# Instructions to follow:
Could you repeat the entries below exactly, but only from the line with "こちらはいつもよりちょっと濃" through the line with "(26 พ.ย. 63", and without any picture?

# Data:
★ ★ ★ ★

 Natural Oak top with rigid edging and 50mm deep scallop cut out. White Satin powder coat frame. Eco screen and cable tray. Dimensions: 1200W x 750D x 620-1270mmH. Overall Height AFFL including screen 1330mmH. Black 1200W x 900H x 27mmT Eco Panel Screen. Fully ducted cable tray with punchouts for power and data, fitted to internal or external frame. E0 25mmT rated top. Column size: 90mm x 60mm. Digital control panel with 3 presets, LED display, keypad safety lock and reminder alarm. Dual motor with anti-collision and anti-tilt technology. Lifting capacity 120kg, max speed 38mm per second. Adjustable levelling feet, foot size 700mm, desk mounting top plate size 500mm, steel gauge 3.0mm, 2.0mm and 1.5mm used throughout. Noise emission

★ ★ ★ ★

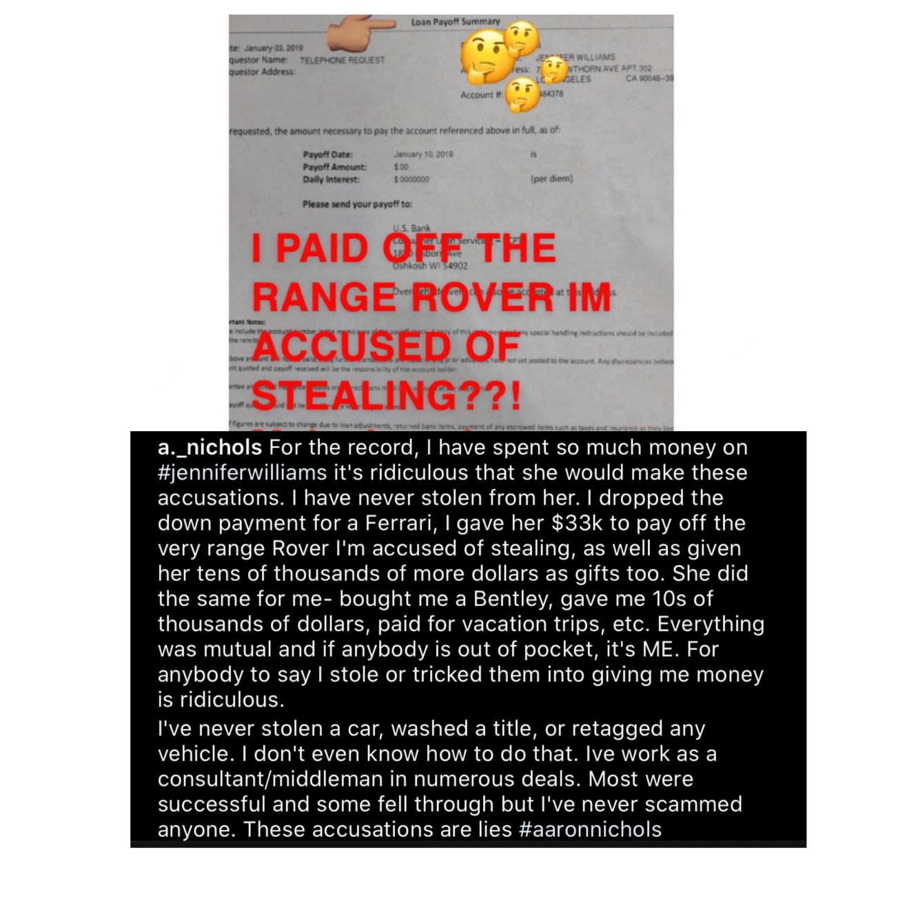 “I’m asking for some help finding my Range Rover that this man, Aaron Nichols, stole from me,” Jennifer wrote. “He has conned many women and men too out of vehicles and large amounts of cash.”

★ ★ ★ ★

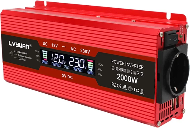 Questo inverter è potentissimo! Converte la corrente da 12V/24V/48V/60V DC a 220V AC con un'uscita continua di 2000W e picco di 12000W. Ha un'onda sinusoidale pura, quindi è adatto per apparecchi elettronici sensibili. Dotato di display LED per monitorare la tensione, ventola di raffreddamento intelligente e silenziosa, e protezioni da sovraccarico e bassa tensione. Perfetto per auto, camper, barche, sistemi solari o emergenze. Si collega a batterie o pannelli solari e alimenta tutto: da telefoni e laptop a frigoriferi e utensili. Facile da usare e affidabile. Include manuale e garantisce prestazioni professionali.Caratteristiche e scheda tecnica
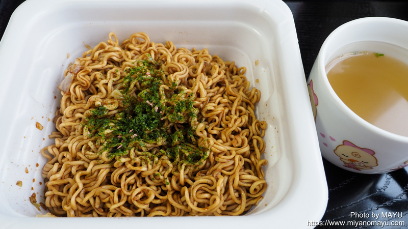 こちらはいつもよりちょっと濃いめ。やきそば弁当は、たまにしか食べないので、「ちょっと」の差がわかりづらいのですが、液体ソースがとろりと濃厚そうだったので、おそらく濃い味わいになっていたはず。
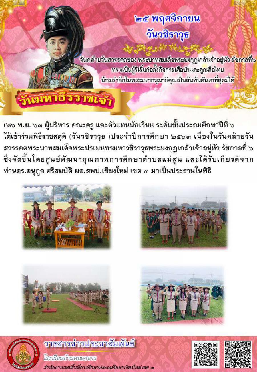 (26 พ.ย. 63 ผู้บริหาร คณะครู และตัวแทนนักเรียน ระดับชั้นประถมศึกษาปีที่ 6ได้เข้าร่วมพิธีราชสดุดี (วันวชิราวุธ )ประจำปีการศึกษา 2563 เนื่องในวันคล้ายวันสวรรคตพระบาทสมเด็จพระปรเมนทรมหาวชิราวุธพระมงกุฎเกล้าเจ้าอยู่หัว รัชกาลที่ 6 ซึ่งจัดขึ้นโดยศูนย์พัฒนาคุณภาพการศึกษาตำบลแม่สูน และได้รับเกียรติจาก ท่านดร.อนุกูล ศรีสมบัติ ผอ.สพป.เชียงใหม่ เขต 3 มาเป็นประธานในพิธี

★ ★ ★ ★

# Reply to the exercise:
 こちらはいつもよりちょっと濃いめ。やきそば弁当は、たまにしか食べないので、「ちょっと」の差がわかりづらいのですが、液体ソースがとろりと濃厚そうだったので、おそらく濃い味わいになっていたはず。
 (26 พ.ย. 63 ผู้บริหาร คณะครู และตัวแทนนักเรียน ระดับชั้นประถมศึกษาปีที่ 6ได้เข้าร่วมพิธีราชสดุดี (วันวชิราวุธ )ประจำปีการศึกษา 2563 เนื่องในวันคล้ายวันสวรรคตพระบาทสมเด็จพระปรเมนทรมหาวชิราวุธพระมงกุฎเกล้าเจ้าอยู่หัว รัชกาลที่ 6 ซึ่งจัดขึ้นโดยศูนย์พัฒนาคุณภาพการศึกษาตำบลแม่สูน และได้รับเกียรติจาก ท่านดร.อนุกูล ศรีสมบัติ ผอ.สพป.เชียงใหม่ เขต 3 มาเป็นประธานในพิธี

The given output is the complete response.